Repeat Activity 4 but using the SARSA algorithm.

---

In [17]:

x = rnd.choice(nX)
Q4 = np.zeros((nX,nA))
xa = Q_greedy(x, Q4)
index = 0
Q4_saved = []
while index < 500000:
    next_x, done = act(x, xa)
    next_xa = Q_greedy(next_x, Q4)
    Q4[x, xa] = Q4[x, xa] + learning_rate*(c[x,xa] + gamma*Q4[next_x,next_xa] - Q4[x, xa])
    index +=1
    if ((index+1)%500)==0:
        Q4_saved.append(np.linalg.norm(Q1-Q4))
    x = next_x
    xa = next_xa
    if done:
        done = False
        next_x, done = act(x, xa)
        next_xa = Q_greedy(next_x, Q4)
        
        Q4[x, xa] = Q4[x, xa] + learning_rate*(c[x,xa] + gamma*Q4[next_x,next_xa] - Q4[x, xa])
        index +=1
        if ((index+1)%500)==0:
            Q4_saved.append(np.linalg.norm(Q1-Q4))
        x = rnd.choice(nX)
        xa = next_xa

            

plt.figure()
plt.plot(Q4_saved)
plt.show()

<IPython.core.display.Javascript object>

---

#### Activity 6.

Discuss the differences observed between the performance of the three methods.

---

In [18]:
plt.figure()
xx = [i for i in range(1,500001,500)]
plt.plot(xx, Q2_saved, label='Model Base ')
plt.plot(xx, Q3_saved, label='Q-learning')
plt.plot(xx, Q4_saved, label='Sarsa')
plt.xlabel('Iterations')
plt.ylabel('||Q* - Q||')
plt.legend()
plt.show()

<IPython.core.display.Javascript object>

Answer: For the three algorithms (Model Based, Q-learning, SARSA), the results were expected, since the norm of the difference between the Q* and their Q values decreased over the iterations, as we can see from the plot above.
    The Model Based RL algorithm reaches better Q values earlier than the Value Based RL algorithms (Q-learning and SARSA), because, in the Model Based reinforcement learning the agent tries to capture 2 functions, the transition function from states and the reward function.
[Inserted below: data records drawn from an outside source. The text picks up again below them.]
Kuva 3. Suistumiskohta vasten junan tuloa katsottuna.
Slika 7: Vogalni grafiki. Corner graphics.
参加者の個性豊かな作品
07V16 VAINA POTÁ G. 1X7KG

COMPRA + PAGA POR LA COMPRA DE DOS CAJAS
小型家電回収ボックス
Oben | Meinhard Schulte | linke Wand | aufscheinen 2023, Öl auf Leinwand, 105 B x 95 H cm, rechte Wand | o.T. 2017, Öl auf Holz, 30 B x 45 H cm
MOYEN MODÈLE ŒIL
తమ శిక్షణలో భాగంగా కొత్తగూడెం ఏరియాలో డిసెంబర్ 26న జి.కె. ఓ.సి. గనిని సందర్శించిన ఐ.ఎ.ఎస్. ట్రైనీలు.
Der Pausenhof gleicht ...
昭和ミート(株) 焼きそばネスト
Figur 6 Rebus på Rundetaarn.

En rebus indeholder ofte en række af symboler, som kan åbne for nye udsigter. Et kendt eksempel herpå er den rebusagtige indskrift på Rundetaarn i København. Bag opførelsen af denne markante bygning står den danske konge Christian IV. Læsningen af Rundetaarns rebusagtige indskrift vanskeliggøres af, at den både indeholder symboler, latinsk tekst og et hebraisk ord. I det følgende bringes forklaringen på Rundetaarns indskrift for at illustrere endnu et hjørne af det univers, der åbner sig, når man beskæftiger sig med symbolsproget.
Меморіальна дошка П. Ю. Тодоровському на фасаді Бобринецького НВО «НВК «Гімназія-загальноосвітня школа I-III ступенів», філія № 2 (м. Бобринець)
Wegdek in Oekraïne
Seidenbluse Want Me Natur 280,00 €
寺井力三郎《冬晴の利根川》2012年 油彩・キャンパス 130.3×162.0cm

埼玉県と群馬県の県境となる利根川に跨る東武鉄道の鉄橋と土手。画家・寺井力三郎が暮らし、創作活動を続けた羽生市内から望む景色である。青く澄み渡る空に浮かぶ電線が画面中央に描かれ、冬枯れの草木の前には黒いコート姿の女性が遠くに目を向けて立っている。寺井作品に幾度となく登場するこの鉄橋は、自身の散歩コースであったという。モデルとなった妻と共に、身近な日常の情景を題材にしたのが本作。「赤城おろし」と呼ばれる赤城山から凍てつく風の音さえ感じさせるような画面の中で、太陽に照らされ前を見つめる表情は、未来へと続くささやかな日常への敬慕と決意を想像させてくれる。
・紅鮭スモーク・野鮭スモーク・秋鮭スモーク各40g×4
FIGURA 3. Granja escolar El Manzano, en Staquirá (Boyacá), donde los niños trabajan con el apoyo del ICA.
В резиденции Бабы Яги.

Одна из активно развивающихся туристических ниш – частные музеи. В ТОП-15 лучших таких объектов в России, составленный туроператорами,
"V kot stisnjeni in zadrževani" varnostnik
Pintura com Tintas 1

From this model the agent can make predictions about what the next state and reward will be before it takes each action. And in the Value Based reinforcement learning the agent learns a policy directly using algorithms, in this case, Q-learning and SARSA.
    SARSA has the worst results, because it learns the value of the policy that it follows, in order to SARSA learn Q* must be combined with policy improvement, in this case, we should have used e-greedy, decaying e.